Which is Non Functional Testing?
Non-functional testing is a type of software testing that assesses the non-functional aspects of a system. These include aspects such as performance, scalability, security, and usability. Non-functional testing is typically performed after functional testing has been completed.
What is Non Functional Testing Example?
Non-functional testing is a type of software testing that verifies how a system works in terms of its non-functional requirements. The main purpose of this type of testing is to ensure that the system meets the expectations of the users in terms of performance, reliability, scalability, etc.
There are several types of non-functional tests, and each one focuses on verifying a specific non-functional requirement.
For example, load testing verifies how well the system performs under heavy loads, while stress testing checks how well it handles unexpected or extreme conditions. Non-functional tests are often carried out alongside functional tests, as they complement each other and provide a more comprehensive picture of the system under test. Together, they help ensure that the system meets all the requirements necessary for it to be successful in production.
What is Functional And Non Functional Testing With Examples?
Functional testing is a type of black-box testing that focuses on the functionality of an application. It is used to test whether the application under test is working as expected. Functional testing checks the end-to-end behavior of an application.

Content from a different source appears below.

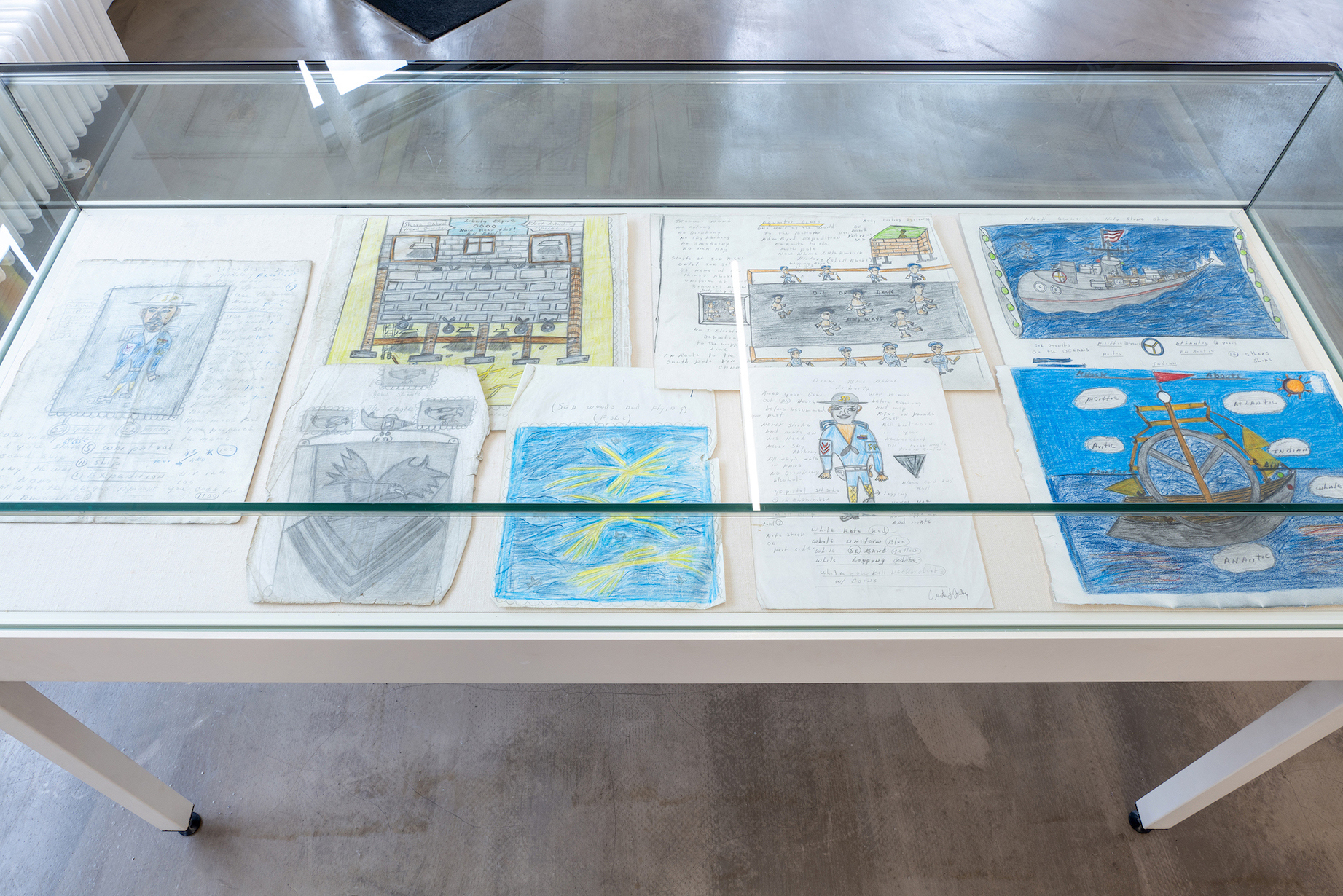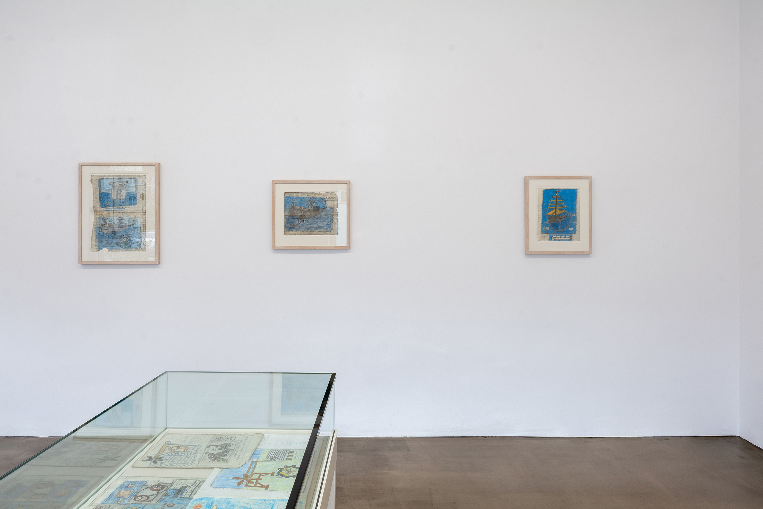Fairleyâs drawings are autobiographical, recalling his time in the Navy. They show the places he visited, the seas he saw, or the warships on which he served. They are matter-of-factly sketches, often with annotations. In works like Stuffed Tomatoes (ca. 1987) or Baked Blue Fish (ca. 1987), Fairley also depicts the meals that he served the crew. In firm, lucid pencil strokes and brief descriptive labels, the artist shares his experiences with the viewer. These sober-minded images contrast with the drawings that show combat: the launch of a projectile in Missile Firing 1 (ca. 1987) and Missile Firing 2 (ca. 1987) is rendered with such graphical momentum that one can almost hear the booming noise. The hatched lines Fairley uses to convey the sceneâs intensity shatter the neatly marked edges of the picture and cover them with a cloud of smoke.

Non functional testing, on the other hand, focuses on how well the system performs under certain conditions. This includes things like performance, scalability, security, etc. Non functional testing is usually done after functional testing has been completed and all bugs have been fixed.
How Non Functional Testing is Done?
There are many different types of nonfunctional testing, each with its own unique purpose. Here is a brief overview of some of the most common:
- Load testing assesses how well a system performs under heavy loads, such as during peak usage times. This type of testing can help identify bottlenecks and ensure that the system can handle expected traffic levels.
- Stress testing push a system to its limits to see how it responds under extreme conditions. This can be useful for identifying potential issues that may only crop up under rare or unexpected circumstances.
- Usability testing assesses how easy it is for users to interact with a system and achieve their desired results. This type of testing can help uncover design flaws that make using the system difficult or confusing for users.
- Security testing ensures that sensitive data is protected from unauthorized access and that systems are resistant to attack. This type of testing is essential for ensuring the confidentiality and integrity of data stored on systems.
Functional Testing vs Non-Functional Testing | Software Testing Training | Edureka
Non-functional testing is a type of testing that assesses the performance of a system. This can include things like load testing, stress testing, and scalability testing. Non-functional tests are important because they help ensure that a system can handle the demands placed on it.